Interesting article in today’s Inside Higher Ed – Open Courseware in the Liberal Arts. It details St. Michael’s College President John Neuhauser’s suggestion that his faculty should make use of freely available, open courseware. This, he believes, could increase quality and save time that could be better spent on other, higher-value activities.
First, the responses to the article:
Particularly interesting is the suggestion by one commentator that the use of open courseware should be avoided because it may lead to job loss for adjuncts. Frankly, if our value as academics is based on our providing content, our days are numbered anyway. A focus on helping students learn – using the best content available – is obviously in everyone’s interests. Particularly students.

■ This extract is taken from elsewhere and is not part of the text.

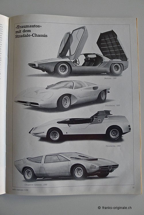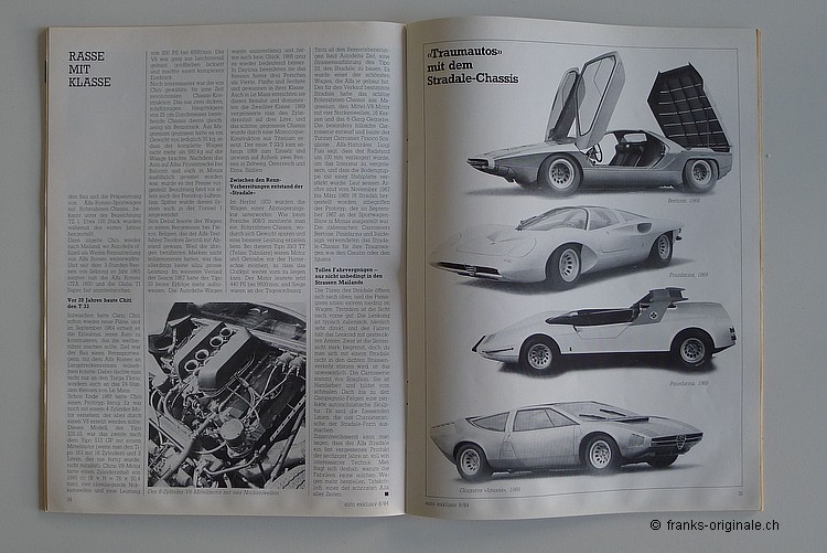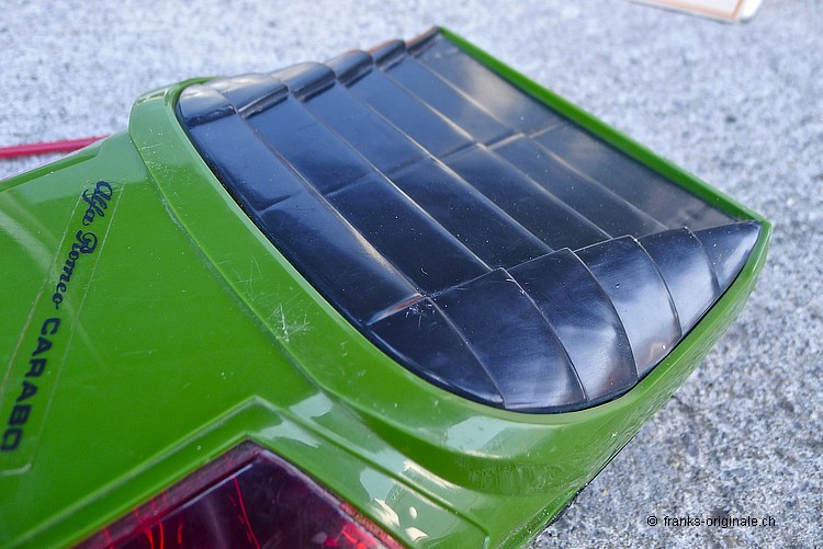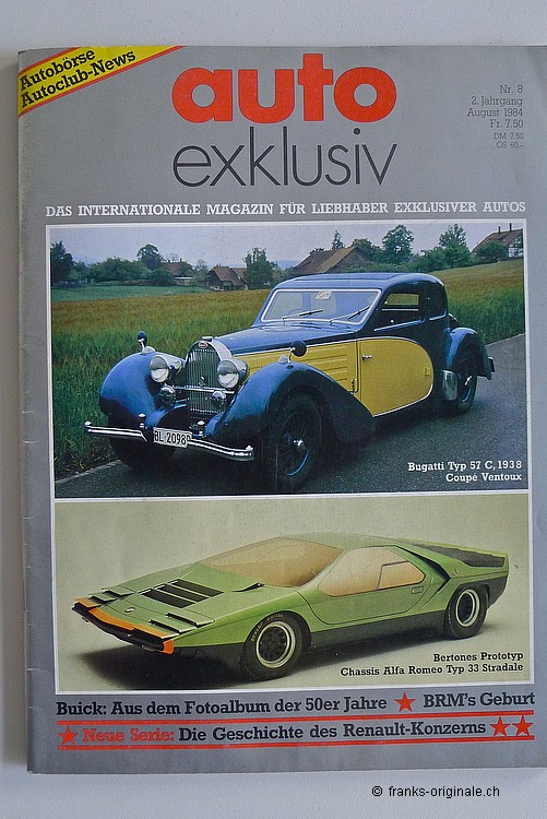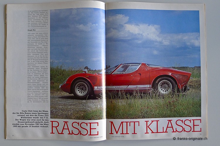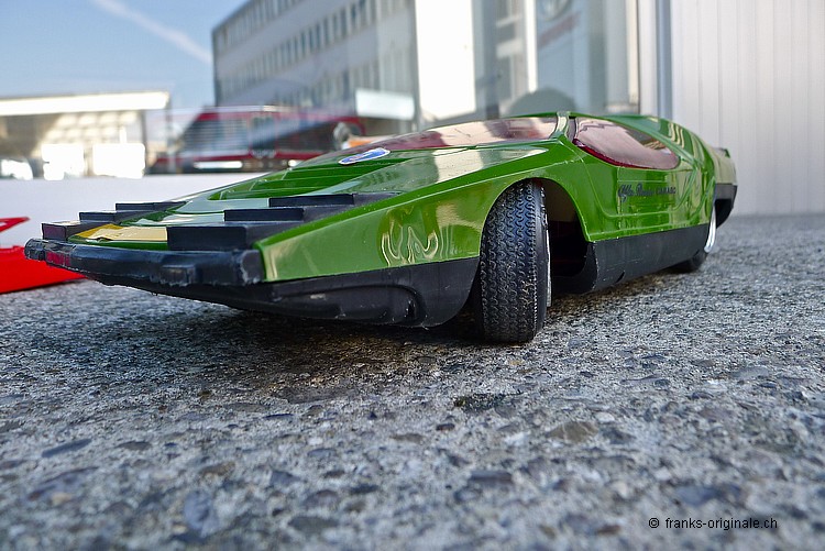 Die Überraschung zu Weihnachten war gelungen - ich habe ein ferngesteuertes Auto erhalten. Den 25. Dezember 1970 habe ich dann ausschliesslich damit verbracht, den Alfa Romeo Carabo in unserer Wohnung auszufahren und jede noch so abgelegene Ecke zu erkunden. Schön wars ... Vor wenigen Wochen war ich dann auf einem Flohmarkt und habe alte Zeitschriften durchstöbert. Dabei ist mir die Ausgabe von 'Auto exklusiv' aus dem Jahre 1984 (August-Ausgabe) sofort ins Auge gestochen. In dieser Ausgabe wird die Bertone-Studie des Alfa Romeo und weitere Exklusivitäten aus dieser Zeit beschrieben. Das kam mir natürlich sofort ganz bekannt und vertraut vor - schöne Erinnerungen waren sofort wieder präsent. Zufälle gibts manchmal ... fast unglaublich! Exakt diesen Carabo habe ich von meinen lieben Eltern zu Weihnachten 1970 erhalten. Ein Auto mit einem ca. 1.5 m langen Fernsteuerungs-Kabel ;-) Diese Steuerung hatte einen Vor- und einen Rückwärts-Gang. Zudem konnte via dem kleinen Lenkrad an der Steuerung nach links und rechts gefahren werden. Dieses Auto hatte ich gepflegt und gehegt - wie mein eigener Augapfel. Und niemand durft damit spielen - ausser ich war dabei. Und das auch nur in äussersten Ausnahmefällen. Dieses ferngesteuerte Auto war das super Verschärfteste, was dann zu mal an ferngesteuerten Autos überhaupt zu haben war! Einfach unglaublich - und ich hatte eines von diesen schönen Exemplaren! Dieser Bertone-Alfa schmückt noch heute meine Vitrine und erinnert mich von Zeit zu Zeit an die vielen schönen Erlebnisse von früher. Und genau so geht es vermutlich vielen anderen Leuten mit ihren richtigen, alten Fahrzeugen. Es sind die schönen Erinnerungen und die einzigartigen Erlebnisse, die uns immer wieder zu diesen Präziosen hinziehen und uns in Versuchung bringen .... Geniessen Sie die schönen Bilder - und ein Besuch bei FRANKS wird helfen ;-)

Also interesting is the notion put forward by another commentator that students may soon bypass universities and learn independently. If universities were primarily about learning, they would have gone out of business with the emergence of mass market publishing. Credentials. Credentials. Credentials.
A third commentator suggested that this plan was an insult to St. Mike’s faculty; it implies that the faculty aren’t doing their job well. Hmmm. Should we worry more about the feelings of faculty members or using the best possible method for acquiring/building digital content?
The use of open courseware:
I think the President of St. Michaels is moving in the right direction. However, he may find the results – if he is actually able to move faculty to act on his suggestion – rather disappointing, at least in the short-term.
Among institutions that rely on individual faculty to create content, integrating open content may mildly increase the overall quality of digital content  – but I don’t think the time or cost-savings will be significant.
In terms of quality . . . the current model in traditional higher ed dramatically limits both the skills and investment brought to digital content development. Faculty are neither trained nor rewarded for this work, and the economics of content development limit the investment to what can be recouped by a single course. While the chance to select from a larger pool of content will likely raise the average quality of the materials used in a course, the bulk of open courseware is built according to the same (inappropriate) business model – so the advantages will be limited until the model is corrected.
In terms of saving time/money . . . there’s little in place at the moment to make the process of finding and integrating third-party content simple or easy. Content management in higher education is not set up to facilitate nimble management of third-party content, and the more popular repositories of content are not yet sufficiently robust. In terms of cost savings . . . instructors are paid little for creating digital content, so there’s little savings to be had. And whatever is currently paid out for this service will be difficult to withhold given that the core responsibility of creating/gathering the digital content remains necessary. (There are, of course, staff costs that need to be considered, but these will be most relevant to the larger digital operations – for whom the problem of content quality is proportionally smaller.)